PEOPLE OF MI V MYRON LLOYD ERICKSONAnnotate this Case
STATE OF MICHIGAN
COURT OF APPEALS
PEOPLE OF THE STATE OF MICHIGAN,
October 27, 1998
Menominee Circuit Court
LC No. 96-002208 FH
MYRON LLOYD ERICKSON,
Before: Saad, P.J., and Hood and Gribbs, JJ.
Defendant appeals of right from his jury conviction of third-degree criminal sexual conduct,
MCL 750.520d; MSA 28.788(4). Defendant was sentenced as an habitual offender, third, MCL
769.11; MSA 28.1083, to seven to twenty years’ imprisonment. We affirm.
Defendant raises a single issue regarding comments made by the prosecutor during the voir dire.
After the trial court had informed the prospective jurors of the nature of the case by indicating that it
involved “an act of homosexuality,” the prosecutor addressed the jurors and stated:
. . . Now, one thing I want to make absolutely clear is that [the complainant] is not a
homosexual. This was not a consensual sex act. So I don’t want you going into this
trial thinking that the defendant -- the defendant, he told an office[r] he’s bisexual, but I
don’t want you thinking the victim in this case is. Is that clear to everyone? Okay.
Later on, after the trial court and defense counsel both had made more statements to the
prospective jurors regarding the fact that the trial would concern an alleged homosexual act and that the
jurors would have to determine if the victim had been physically helpless, the prosecutor asked one
. . . One thing that concerns me, when the term homosexual is used, or homosexual act,
I’m concerned that maybe you or other jurors would use that it was a consensual act,
that it kind of means that it was a consensual act. Would you agree to keep an open
mind on the consent issue and decide this case after all evidence is presented?
And [defense counsel] referred to something to the effect that the only reason we’re
here is because [the complainant] was -- to decide whether or not [the complainant]
was physically helpless. Would you keep in mind that there is more to it than that?
That this is a young man who woke up . . . .
Immediately after each of the prosecutor’s comments, the trial court gave a sua sponte
cautionary instruction to the jurors that the comments of the attorneys were not evidence, that they had
not yet heard any evidence, and that they would determine the evidence from the testimony of the
witnesses.

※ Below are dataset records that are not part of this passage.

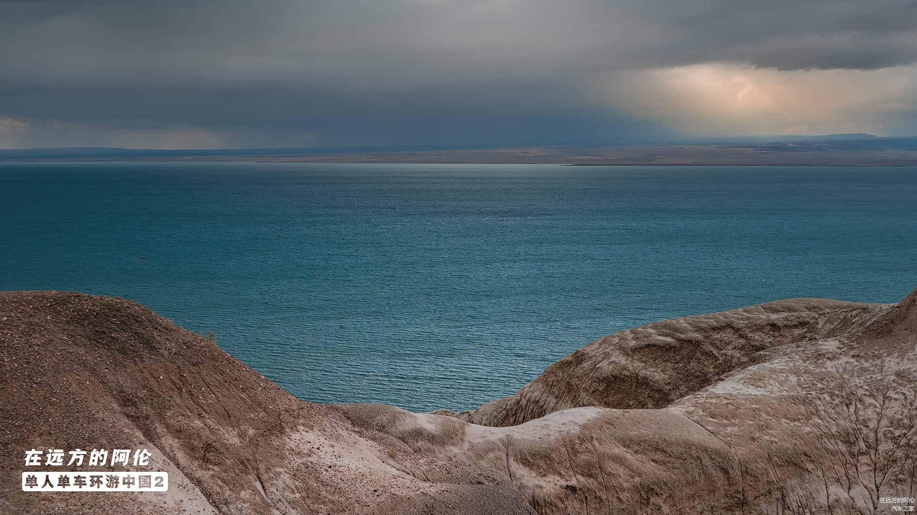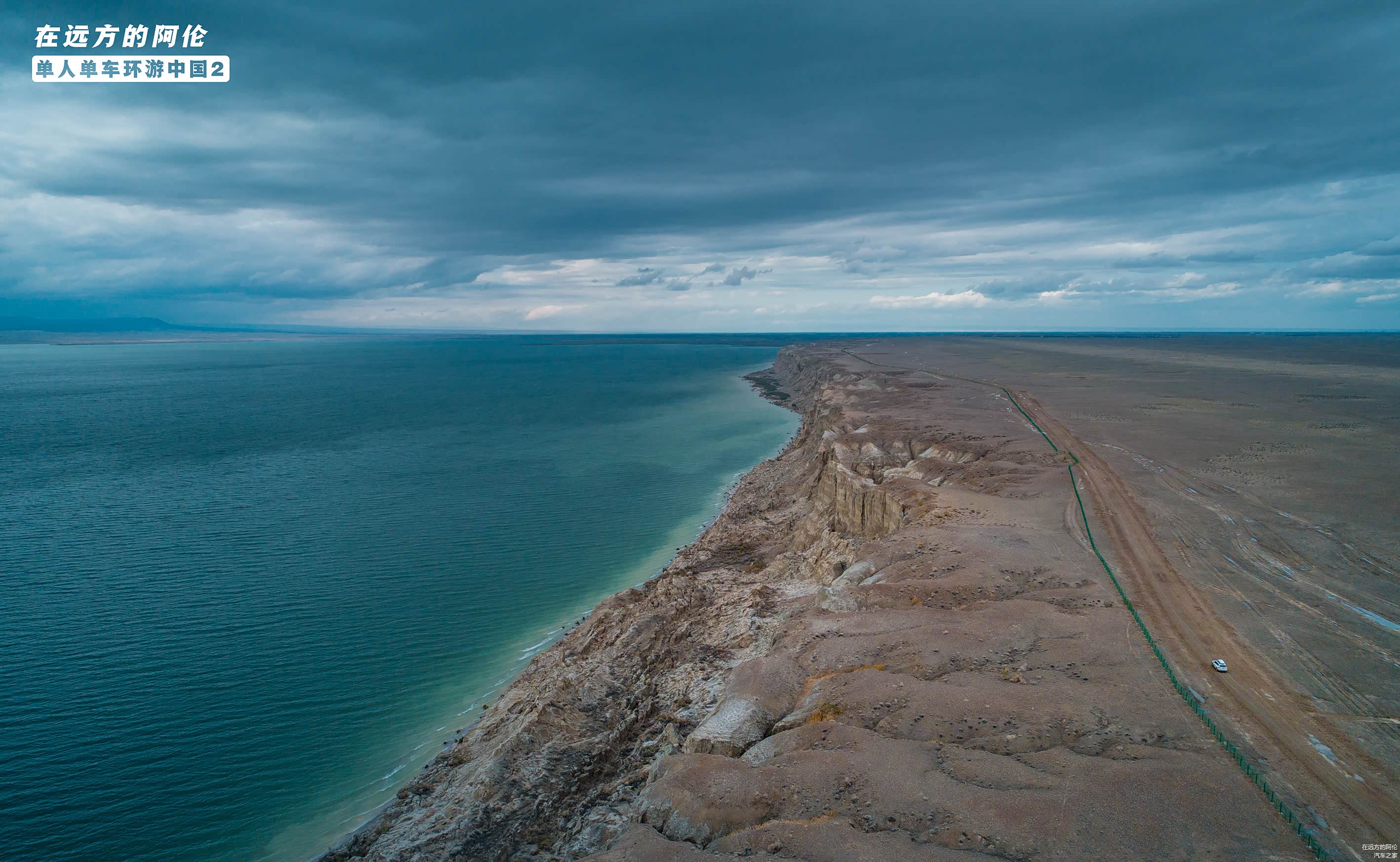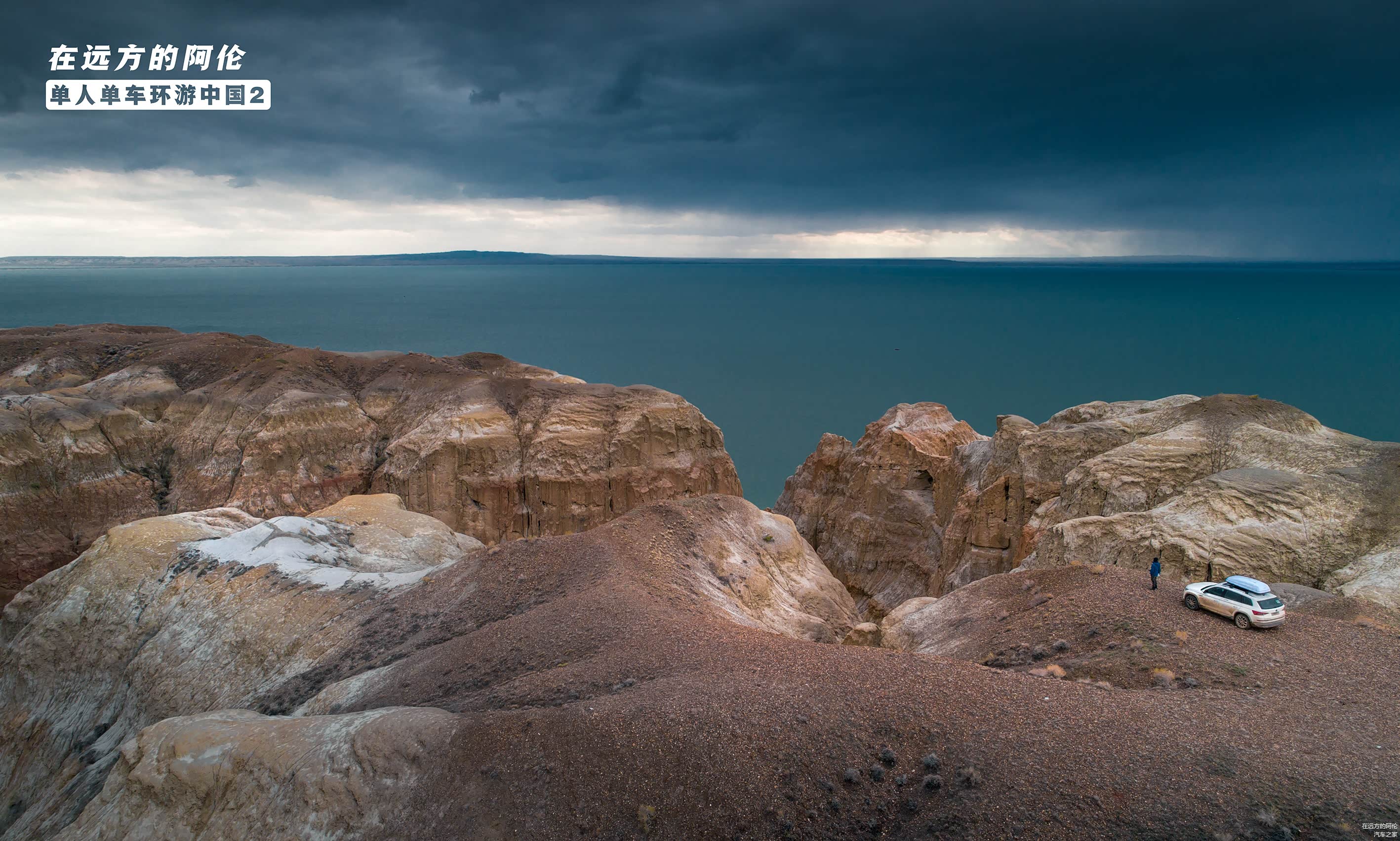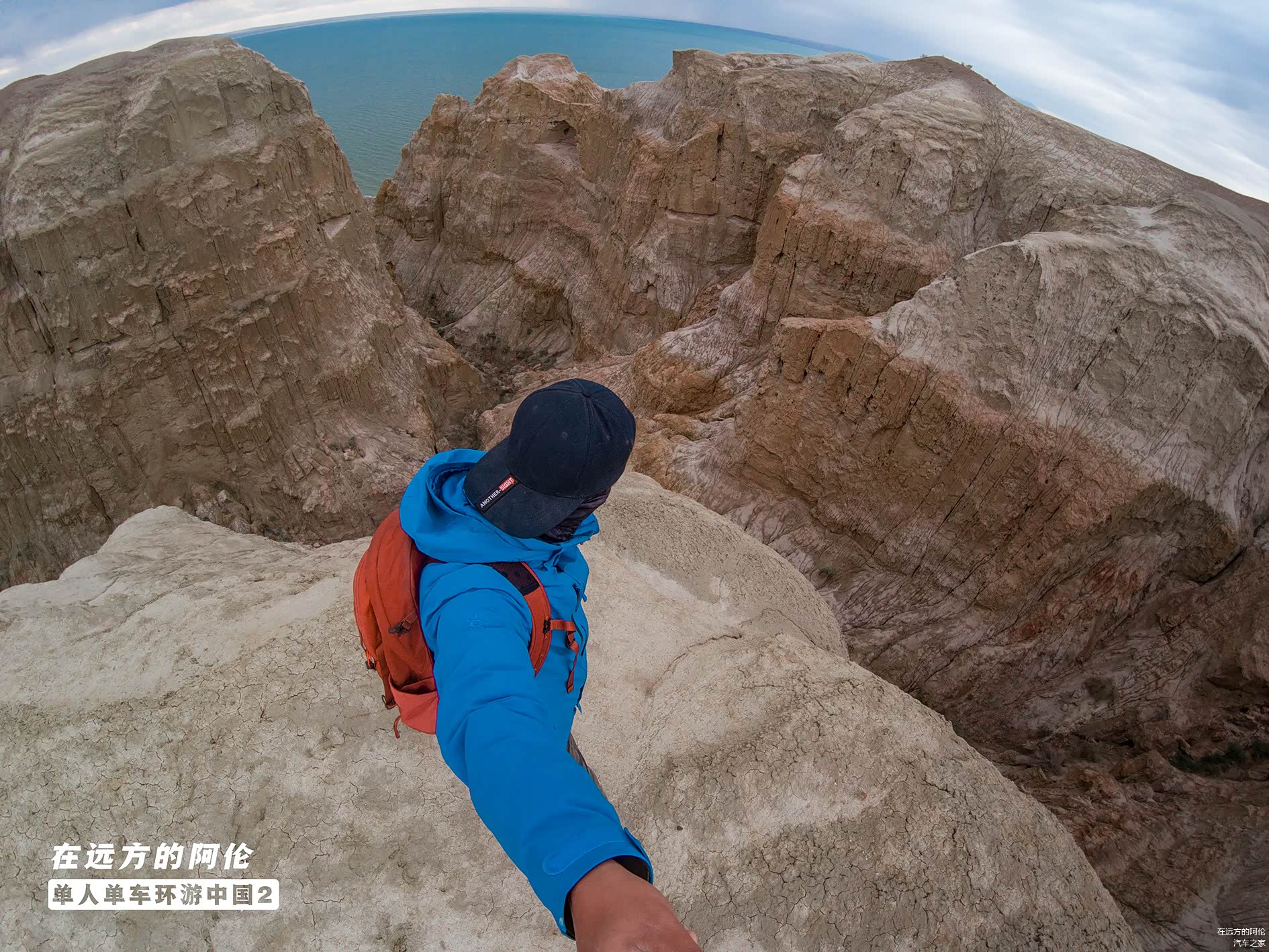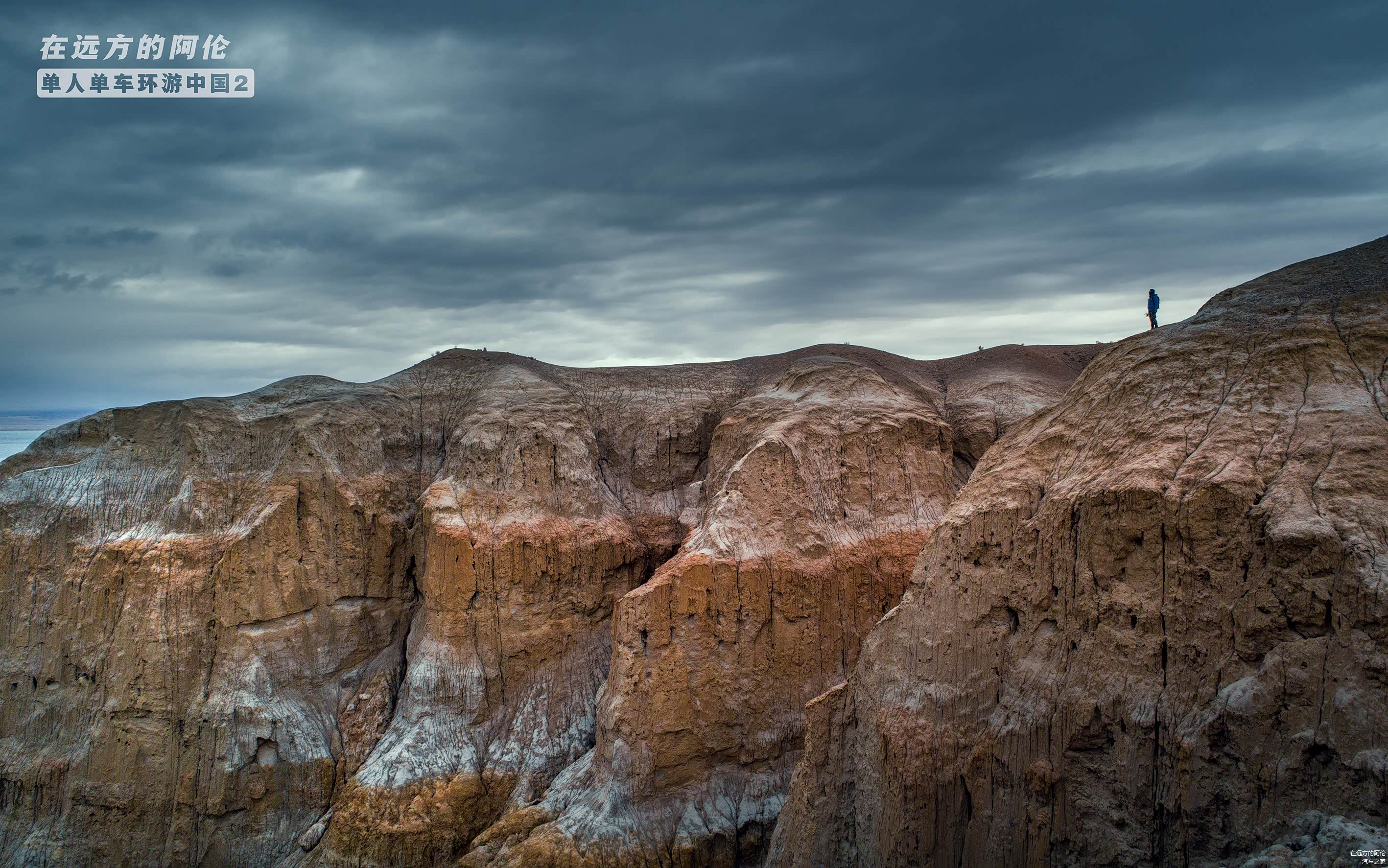 当我下了车,慢慢走向雅丹悬崖的时候,我才看清楚了这个在阴郁笼罩下,泛着蓝色幽光的外星湖泊。
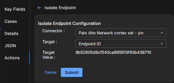 You can isolate an endpoint on Palo Alto Networks CORTEX XDR. You must have previously configured a connector to that service in order to perform this action. You can also unisolate an endpoint.
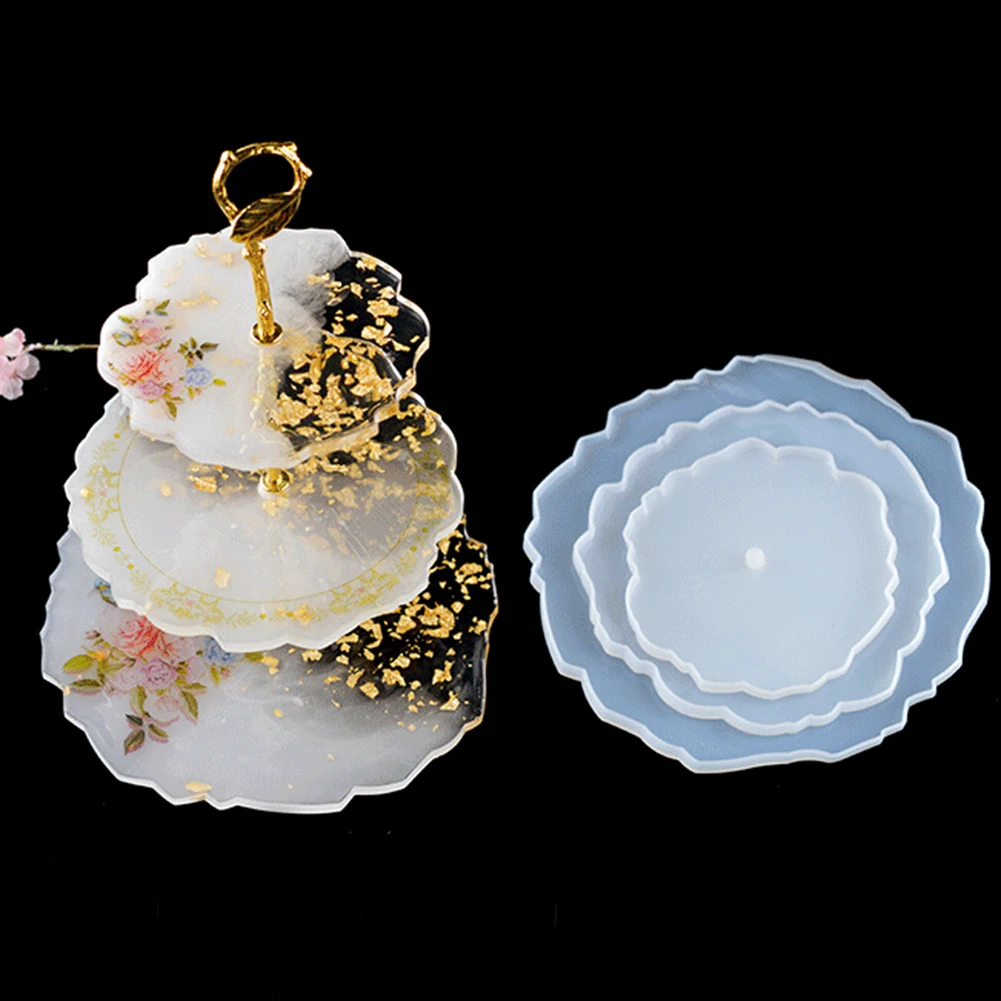 3 яруса кружевных нерегулярные блюдо Coaster DIY эпоксидная силиконовая пресс-форма для литья держатель подставка

Defendant subsequently moved the court to declare a mistrial based on the prosecutor’s
comments and the trial court denied that motion.
A trial court’s decision regarding a motion for a mistrial is reviewed for an abuse of discretion.
People v Wolverton, 227 Mich App 72, 75; 574 NW2d 703 (1997). An abuse of that discretion will
be found only where the trial court’s denial of the motion has deprived the defendant of a fair and
impartial trial. Id. The trial court’s ruling must be so grossly in error as to deprive a defendant of a fair
trial or to amount to a miscarriage of justice. People v McAlister, 203 Mich App 495, 503; 513
NW2d 431 (1994). A claim of prosecutorial misconduct is likewise reviewed to determine if the
defendant was denied a fair and impartial trial. People v Howard, 226 Mich App 528, 544; 575
NW2d 16 (1997). Such claims are reviewed on a case-by-case basis and evaluated within the context
of the particular facts of the case. Id.
This Court has reviewed the prosecutor’s remarks in context and finds that defendant has failed
to demonstrate that his right to a fair and impartial trial was violated. The prosecutor’s remarks were
clearly intended to respond to the characterization of the incident by both the trial court and defense
counsel as involving homosexual conduct. The prosecutor was trying to inform the prospective jurors
that the complainant would claim that he was not a homosexual and that the incident had not been
consensual. The prosecutor’s comments did not misstate what the complainant’s testimony did in fact
subsequently disclose. To the extent that the prosecutor’s remarks strayed into the realm of conveying
his view of the evidence to the jurors, the trial court’s prompt sua sponte cautionary instructions were
sufficient to dispel any possible prejudice. Moreover, the trial court subsequently re-instructed the jury
both at the beginning and at the completion of the trial that the statements of the attorneys were not
evidence. Jurors are presumed to have followed a court’s instructions until the contrary is clearly
shown. McAlister, supra at 504. Defendant has presented no clear indication that the jurors failed to
follow the court’s cautionary instructions.
Thus, where the jurors each individually stated that they could decide the case based on the
evidence, where the trial court repeatedly instructed them that the prosecutor’s comments did
not constitute evidence, and where the evidence itself provided a sufficient basis for finding defendant
guilty, defendant was not denied a fair and impartial trial.